Mama's good and Wallace is still holding them down for me. I'm real glad he's with her. With them. He's a good dude. A good father to Charity and the girls. I kinda...try to do what he does sometimes. But I would never tell him that. Don't tell anybody sis, but I do try to be like him sometimes. Like how he stays calm. And looks at the big picture. And I try to see the other person's side of things before I react to anything, like he does. And I still try to take care of my family, just like him and daddy...and Rico, too. But for now, up here, my only family is Jazz. Jasmine. Jasmine. I try my best to only call her Jasmine because it makes her feel...like a good person. I'll never understand that. She's always been a good person. The best person I know. But she still wants me to take her to church every Sunday. EVERY Sunday. I don't mind, because we should be going anyway, but it's like she's...just trying to make sure that she gets in. You know what I mean? I don't blame her. I hope I get in, too.

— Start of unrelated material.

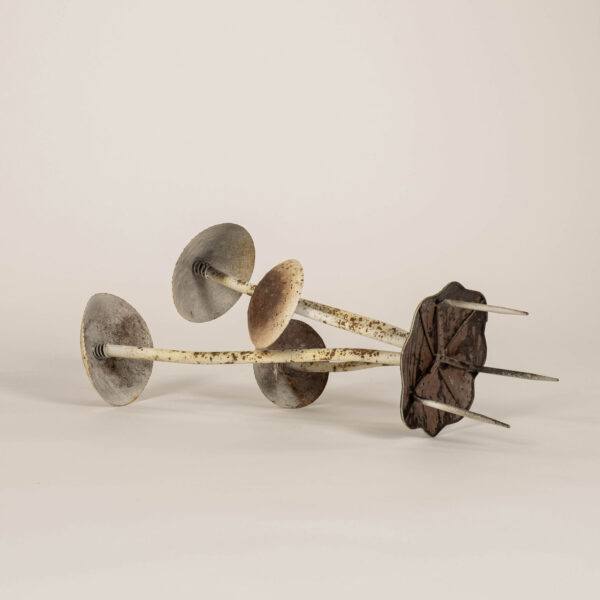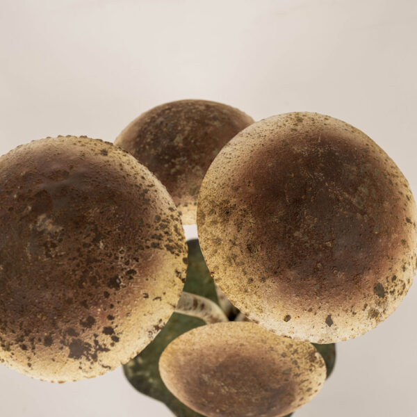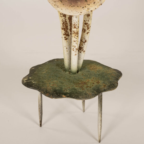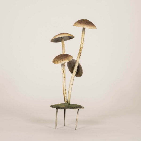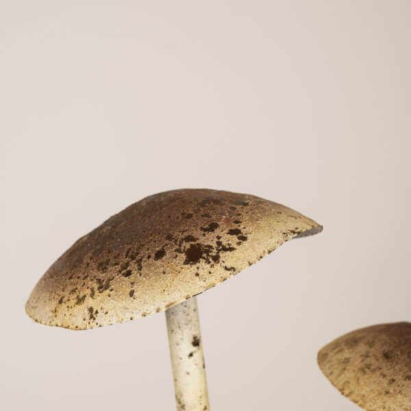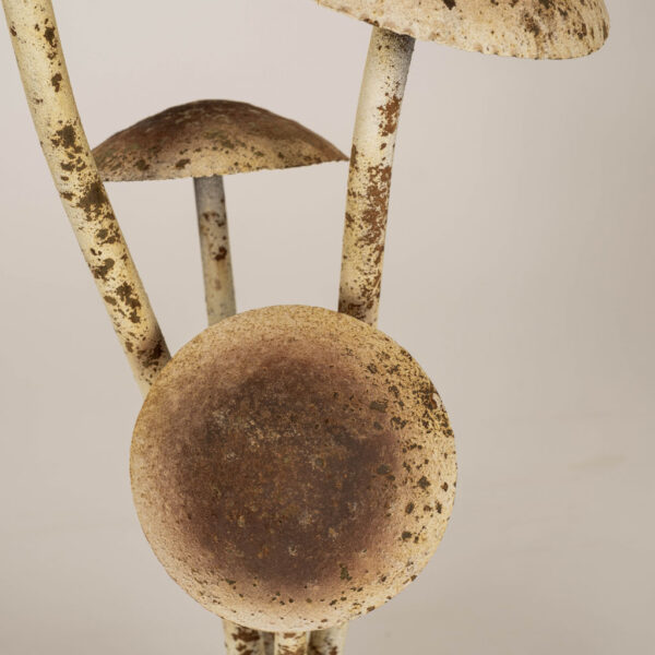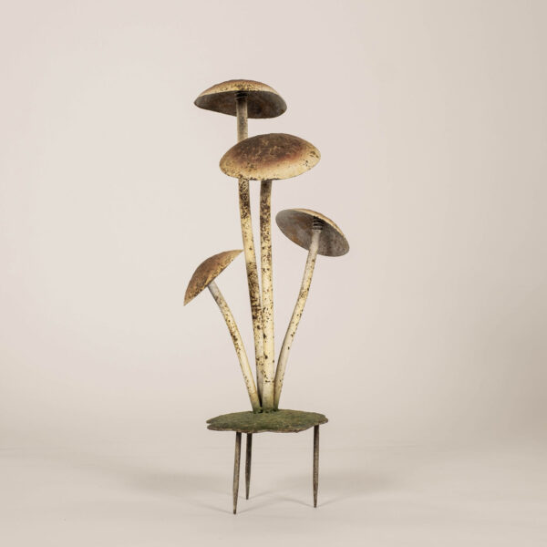 Painted French tole mushroom decoration for planters or gardens. Circa 1950s. Twenty-six inches height total: 21 inches high above ground level and 5 inch long spikes below ground level to anchor sculpture. Six available – see last few photos for the group. Sold individually priced $820 each.

And I take her because it's the least I can do. She struggles every day with the past. And it's the least I can do to try to keep her here in the present, with me.

She takes real good care of me, Sammy. You would be glad. I try to take good care of her, too. As much as I can. But I'm in school now, so I can't really do it like I used to. I'm a math major because...well, you know. It makes sense. But I'm thinking about being an architect, like Wallace. That dude gets PAID. He took me to Chicago last year. Showed me the sky scrapers. They're HUGE. Even bigger than the ones in Houston. They're shaped all different kind of ways. He showed me all of the things that inspired him to become an architect. Said that he did an internship up there one summer while he was in school and never wanted to do anything else after that. When we got back to VA, I felt like a completely different person. I told Jazz that I would go to college.

And I did.

I'm glad she wanted me up here with her. I don't really know what I would be doing right now if I stayed in Houston. I'm not even too convinced that I wouldn't be up there with you by now, or locked up with Rico. I don't even want to think about that shit. Jazz lied to me to get me up here, Sammy. Can you believe that? Jazz NEVER lies. She said that she fought mama for me. And WON. What type of shit? JAZZ won? Sammy...you and I both know that's a lie. Jazz would have never beat mama in a fight. Mama's too tough. Like us. Jazz is soft. That's why niggas be fuckin' wit' her all the time. I'm glad I came up here with her, sis. She needs me to keep them off of her. Every night at the club some lame dude is tryna holla at her. I hate it. I hate when they even look her way because any one of them could be...just like Rico.

I know that's her type, too. And I know that she misses him. So I don't let NOBODY talk to her. I told security the same thing. Don't let NOBODY get close to her. The last thing we need is for her to get fucked up and...be stuck right back in that dumb shit again. I can't even deal with being around that kind of shit anymore, sis. I lose it. I hope...I never see a woman get fucked up in front of me again. I just wouldn't...handle it very well, Sammy. I know I wouldn't. ESPECIALLY if that woman was Jazz.